Highlights the Fact that Under the Incumbent Board and Chief Executive Officer Craig Bram, Synalloy is Being Dropped from the Russell 3000 and its Stock is Nearing a Five-Year Low

Reiterates That Meaningful – Not Incremental – Change is Needed in the Boardroom to Ensure Implementation of Privet and UPG's Plan for Averting Financial Distress and Achieving up to ~$25 Per Share in Near-Term Value

Urges Stockholders to See Through the Incumbent Board's Cumulative Voting Smokescreen and Vote FOR the Meaningful Change Only Offered on the WHITE Proxy Card

Privet Fund Management LLC (together with its affiliates, "Privet") and UPG Enterprises LLC (together with its affiliates, "UPG" and collectively with Privet, the "Stockholder Group" or "we" or "us"), which collectively own approximately 24.9% of the outstanding common stock of Synalloy Corporation SYNL ("Synalloy" or the "Company"), today issued the below open letter in connection with its nomination of five highly-qualified and independent candidates – Andee Harris, Chris Hutter, Aldo Mazzaferro, Ben Rosenzweig and John Schauerman – for election to Synalloy's Board of Directors at the upcoming Annual Meeting of Stockholders scheduled to be held on June 30, 2020. We urge all stockholders seeking to protect and enhance the value of their investment to vote on the WHITE Proxy Card. Stockholders can review all of the facts pertaining to Privet, UPG, our nominees, and their strategy for delivering up to $25 per share in near-term value and repositioning the Company for long-term success at www.StrengthenSynalloy.com.

***

Fellow Stockholders,

Privet Fund Management LLC (together with its affiliates, "Privet") and UPG Enterprises LLC (together with its affiliates, "UPG" and collectively with Privet, the "Stockholder Group" or "we" or "us") have maintained one overarching goal since the outset of this election contest: deliver the meaningful – not incremental – change urgently needed atop Synalloy Corporation ("Synalloy" or the "Company").

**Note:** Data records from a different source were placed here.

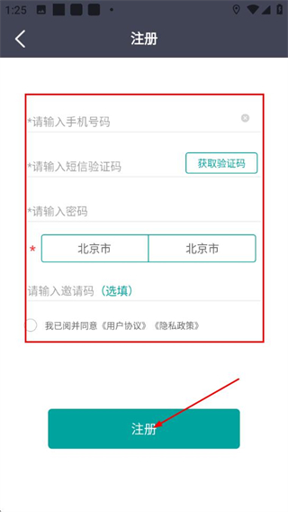 3、在輸入手機號碼、短信驗證碼、密碼,選擇所在城市,勾選同意協(xié)議,點擊注冊。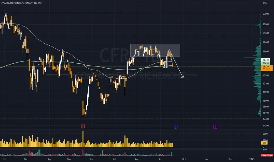 CFR has broken down from a consolidation box and looks to move lower down to the R178.00 level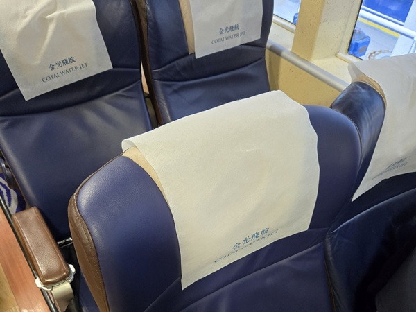 홍콩 마카오 페리 터미널에서 탑승한 코타이젯은 비바람 치는 날인 덕분에 길을 따라 내려갈 때는 몰랐는데 배에 들어서자마자 느껴지는 흔들림에 당황했어요. 멀미약을 먹은 게 정말 다행이라 생각됐던 순간이었죠. 나중에 알고보니 멀미 걱정하는 분들은 창가자리가 아닌 복도로 앉으면 된다고 하네요.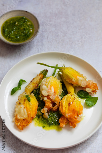 courgette, courgette, flower, vegetable, stuffed, ricotta, cheese, food, cookery, italian, fried, batter, tempura, crispy, snack, vegetarian, basil, sauce, pesto, herb, favor, culinary, dish, starter, cooked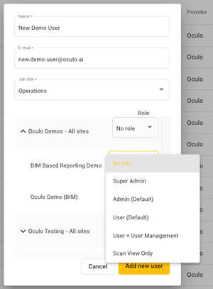 When integrating with Autodesk or Procore and using SSO, a user's Oculo permission role will be automatically selected to match their role in the integrated system.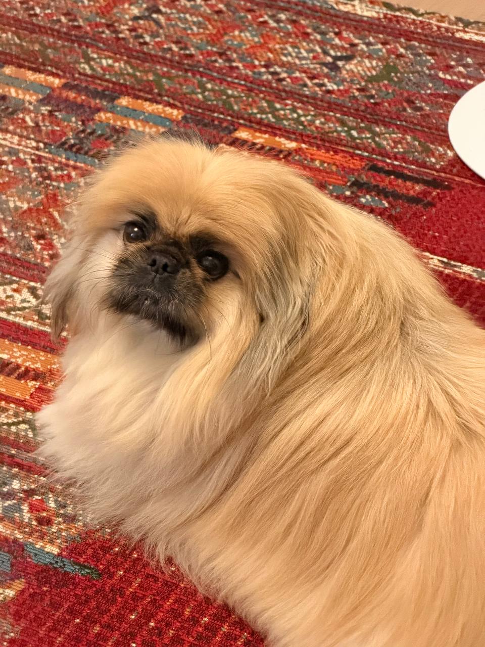 Descended from dogs that lived inside imperial palaces — Pekingese bred for the courts of the Chinese emperors, carried in the sleeves of the royal family. Twenty pounds. Boundless opinion. Gloria is the punctuation mark that makes Miranda's sentence land.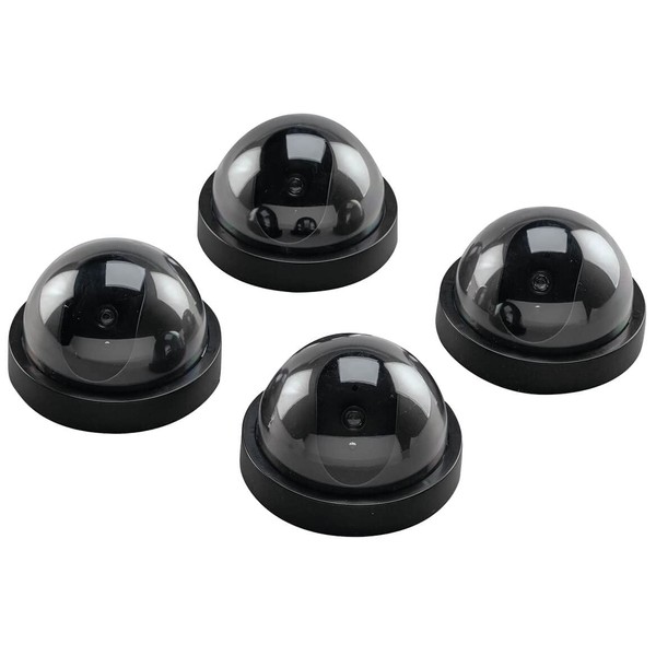 Theft deterrence is affordable with this set of Mock Surveillance Security Cameras. Potential intruders will think twice when they see the red lights on these motion-activated devices. The stationary fake cameras resemble real home security cameras with a flash of red light. With this set of 4, neighbors and visitors will think you have a complete home surveillance system. Each mock camera installs in minutes with no wiring required; 2 wall screws included. Each requires 2 AA batteries (not included). 4 1/2"L x 3"W.

We nominated five highly-qualified individuals for election to the Company's eight-member Board of Directors (the "Board") because minority representation will not dislodge the incumbents, who have spent the last decade delivering staggering underperformance and racking up massive debt while failing to realize the potential of Synalloy's high-quality assets and skilled workforce. We believe the need for meaningful change at Synalloy has only grown in recent weeks as the Company has failed to produce a strategic turnaround plan and its stock has plunged to a near five-year low of $6.51 and has now been dropped from the Russell 3000.1

For Privet and UPG, this election contest has always been about putting qualified individuals in place who can address Synalloy's fixable weaknesses in the near-term and reposition the Company as a thriving public market participant over the long-term. This is why we released a detailed and transparent plan earlier this month that outlines revenue enhancement priorities, margin improvement initiatives and cost containment efforts. We continue to believe that immediate corrective action can ensure Synalloy averts financial distress, navigates any second wave of COVID-19 and delivers up to $25 per share in near-term value. Our plan also makes it abundantly clear that we are not seeking to acquire Synalloy in the future or initiate a so-called "integration" with UPG moving forward. Despite the incumbents' desperate attempts to divert attention from their lack of qualifications and objectively horrendous results, Privet and all of the Stockholder Group's nominees besides Chris Hutter have no financial stake in UPG. The Stockholder Group and its nominees would gain absolutely nothing from allowing any of Synalloy's value to accrue to another entity. We only make money when Synalloy's stock rises, and that has not happened under the incumbent Board.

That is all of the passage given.